*SUPPLIED MATERIAL:*
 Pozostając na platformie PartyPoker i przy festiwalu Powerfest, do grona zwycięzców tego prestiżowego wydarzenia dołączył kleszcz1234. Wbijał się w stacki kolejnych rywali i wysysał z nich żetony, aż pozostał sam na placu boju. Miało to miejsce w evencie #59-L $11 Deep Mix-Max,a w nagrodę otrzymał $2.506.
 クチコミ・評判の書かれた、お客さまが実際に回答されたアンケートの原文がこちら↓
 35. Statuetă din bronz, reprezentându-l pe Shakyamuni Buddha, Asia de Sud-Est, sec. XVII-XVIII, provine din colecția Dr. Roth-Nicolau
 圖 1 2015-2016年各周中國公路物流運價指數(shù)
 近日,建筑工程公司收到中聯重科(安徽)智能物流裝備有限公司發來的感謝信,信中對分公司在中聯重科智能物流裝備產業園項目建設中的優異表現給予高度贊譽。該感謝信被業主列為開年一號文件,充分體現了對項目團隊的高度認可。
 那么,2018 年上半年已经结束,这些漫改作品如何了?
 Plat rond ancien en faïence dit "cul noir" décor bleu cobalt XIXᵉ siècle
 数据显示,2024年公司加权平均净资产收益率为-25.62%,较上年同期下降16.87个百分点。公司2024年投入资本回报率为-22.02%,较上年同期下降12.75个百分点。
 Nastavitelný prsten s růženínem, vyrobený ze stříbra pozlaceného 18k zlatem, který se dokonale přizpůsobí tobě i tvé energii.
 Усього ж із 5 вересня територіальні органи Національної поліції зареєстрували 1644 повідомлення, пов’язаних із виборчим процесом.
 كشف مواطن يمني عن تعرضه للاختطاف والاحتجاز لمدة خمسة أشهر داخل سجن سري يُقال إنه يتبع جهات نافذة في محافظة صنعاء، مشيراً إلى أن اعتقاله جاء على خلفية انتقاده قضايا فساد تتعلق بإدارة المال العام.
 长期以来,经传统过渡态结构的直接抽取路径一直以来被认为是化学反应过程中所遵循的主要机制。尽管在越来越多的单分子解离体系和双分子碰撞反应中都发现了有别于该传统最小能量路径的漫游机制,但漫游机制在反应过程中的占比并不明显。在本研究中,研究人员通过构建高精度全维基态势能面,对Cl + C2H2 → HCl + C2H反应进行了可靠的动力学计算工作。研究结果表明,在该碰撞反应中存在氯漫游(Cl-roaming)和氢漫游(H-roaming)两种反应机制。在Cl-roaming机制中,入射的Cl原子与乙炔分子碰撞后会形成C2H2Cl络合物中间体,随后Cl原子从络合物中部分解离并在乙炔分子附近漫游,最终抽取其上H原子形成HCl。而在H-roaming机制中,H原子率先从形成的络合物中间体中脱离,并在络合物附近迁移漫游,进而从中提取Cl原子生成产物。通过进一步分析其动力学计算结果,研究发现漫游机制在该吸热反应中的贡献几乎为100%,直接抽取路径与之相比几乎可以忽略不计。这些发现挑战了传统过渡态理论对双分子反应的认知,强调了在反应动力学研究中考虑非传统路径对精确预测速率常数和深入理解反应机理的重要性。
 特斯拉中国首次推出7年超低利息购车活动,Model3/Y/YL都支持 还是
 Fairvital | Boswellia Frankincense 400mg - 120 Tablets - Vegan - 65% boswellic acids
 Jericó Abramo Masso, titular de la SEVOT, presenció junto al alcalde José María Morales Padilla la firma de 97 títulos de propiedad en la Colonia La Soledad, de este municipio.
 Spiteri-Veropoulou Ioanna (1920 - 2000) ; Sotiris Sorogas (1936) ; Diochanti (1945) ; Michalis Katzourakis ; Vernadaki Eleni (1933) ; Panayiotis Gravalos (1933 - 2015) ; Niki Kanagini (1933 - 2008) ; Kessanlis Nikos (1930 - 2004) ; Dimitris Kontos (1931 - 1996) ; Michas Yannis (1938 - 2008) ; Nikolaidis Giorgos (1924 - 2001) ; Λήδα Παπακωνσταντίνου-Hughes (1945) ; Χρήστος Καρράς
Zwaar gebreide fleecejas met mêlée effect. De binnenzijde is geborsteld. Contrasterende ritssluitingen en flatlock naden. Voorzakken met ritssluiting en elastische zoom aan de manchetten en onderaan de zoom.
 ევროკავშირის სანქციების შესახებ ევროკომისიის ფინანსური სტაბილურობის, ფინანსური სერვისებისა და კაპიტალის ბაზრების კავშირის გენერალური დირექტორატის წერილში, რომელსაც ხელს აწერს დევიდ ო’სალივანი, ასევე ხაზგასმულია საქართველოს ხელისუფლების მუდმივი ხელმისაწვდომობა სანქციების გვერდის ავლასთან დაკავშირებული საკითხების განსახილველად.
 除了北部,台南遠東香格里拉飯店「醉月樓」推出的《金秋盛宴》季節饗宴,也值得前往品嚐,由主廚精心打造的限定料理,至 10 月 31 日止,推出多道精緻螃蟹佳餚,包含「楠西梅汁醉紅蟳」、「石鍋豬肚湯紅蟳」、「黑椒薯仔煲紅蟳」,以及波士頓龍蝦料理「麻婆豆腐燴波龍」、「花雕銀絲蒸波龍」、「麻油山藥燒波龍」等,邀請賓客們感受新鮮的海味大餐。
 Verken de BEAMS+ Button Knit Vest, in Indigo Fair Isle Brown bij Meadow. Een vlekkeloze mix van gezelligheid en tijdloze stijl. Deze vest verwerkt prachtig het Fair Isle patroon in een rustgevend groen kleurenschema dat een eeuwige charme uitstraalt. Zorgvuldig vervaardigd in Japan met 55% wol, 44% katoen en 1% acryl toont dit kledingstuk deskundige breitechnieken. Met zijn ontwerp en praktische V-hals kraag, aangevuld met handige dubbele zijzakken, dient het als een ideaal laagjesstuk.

*TASK ITEM:*
Print exactly the lines of the listing above starting at the line containing "特斯拉中国首次推出7年超低利息购车活动,Model3/Y/YL都支持 还是" and ending at the line containing "除了北部,台南遠東香格里拉飯店「醉月樓」推出的《金秋盛宴》季節饗宴,也值得前往品嚐,由主廚精心打造的限定料理,至 10 月", both included.

*RESULT:*
 特斯拉中国首次推出7年超低利息购车活动,Model3/Y/YL都支持 还是
 Fairvital | Boswellia Frankincense 400mg - 120 Tablets - Vegan - 65% boswellic acids
 Jericó Abramo Masso, titular de la SEVOT, presenció junto al alcalde José María Morales Padilla la firma de 97 títulos de propiedad en la Colonia La Soledad, de este municipio.
 Spiteri-Veropoulou Ioanna (1920 - 2000) ; Sotiris Sorogas (1936) ; Diochanti (1945) ; Michalis Katzourakis ; Vernadaki Eleni (1933) ; Panayiotis Gravalos (1933 - 2015) ; Niki Kanagini (1933 - 2008) ; Kessanlis Nikos (1930 - 2004) ; Dimitris Kontos (1931 - 1996) ; Michas Yannis (1938 - 2008) ; Nikolaidis Giorgos (1924 - 2001) ; Λήδα Παπακωνσταντίνου-Hughes (1945) ; Χρήστος Καρράς
Zwaar gebreide fleecejas met mêlée effect. De binnenzijde is geborsteld. Contrasterende ritssluitingen en flatlock naden. Voorzakken met ritssluiting en elastische zoom aan de manchetten en onderaan de zoom.
 ევროკავშირის სანქციების შესახებ ევროკომისიის ფინანსური სტაბილურობის, ფინანსური სერვისებისა და კაპიტალის ბაზრების კავშირის გენერალური დირექტორატის წერილში, რომელსაც ხელს აწერს დევიდ ო’სალივანი, ასევე ხაზგასმულია საქართველოს ხელისუფლების მუდმივი ხელმისაწვდომობა სანქციების გვერდის ავლასთან დაკავშირებული საკითხების განსახილველად.
 除了北部,台南遠東香格里拉飯店「醉月樓」推出的《金秋盛宴》季節饗宴,也值得前往品嚐,由主廚精心打造的限定料理,至 10 月 31 日止,推出多道精緻螃蟹佳餚,包含「楠西梅汁醉紅蟳」、「石鍋豬肚湯紅蟳」、「黑椒薯仔煲紅蟳」,以及波士頓龍蝦料理「麻婆豆腐燴波龍」、「花雕銀絲蒸波龍」、「麻油山藥燒波龍」等,邀請賓客們感受新鮮的海味大餐。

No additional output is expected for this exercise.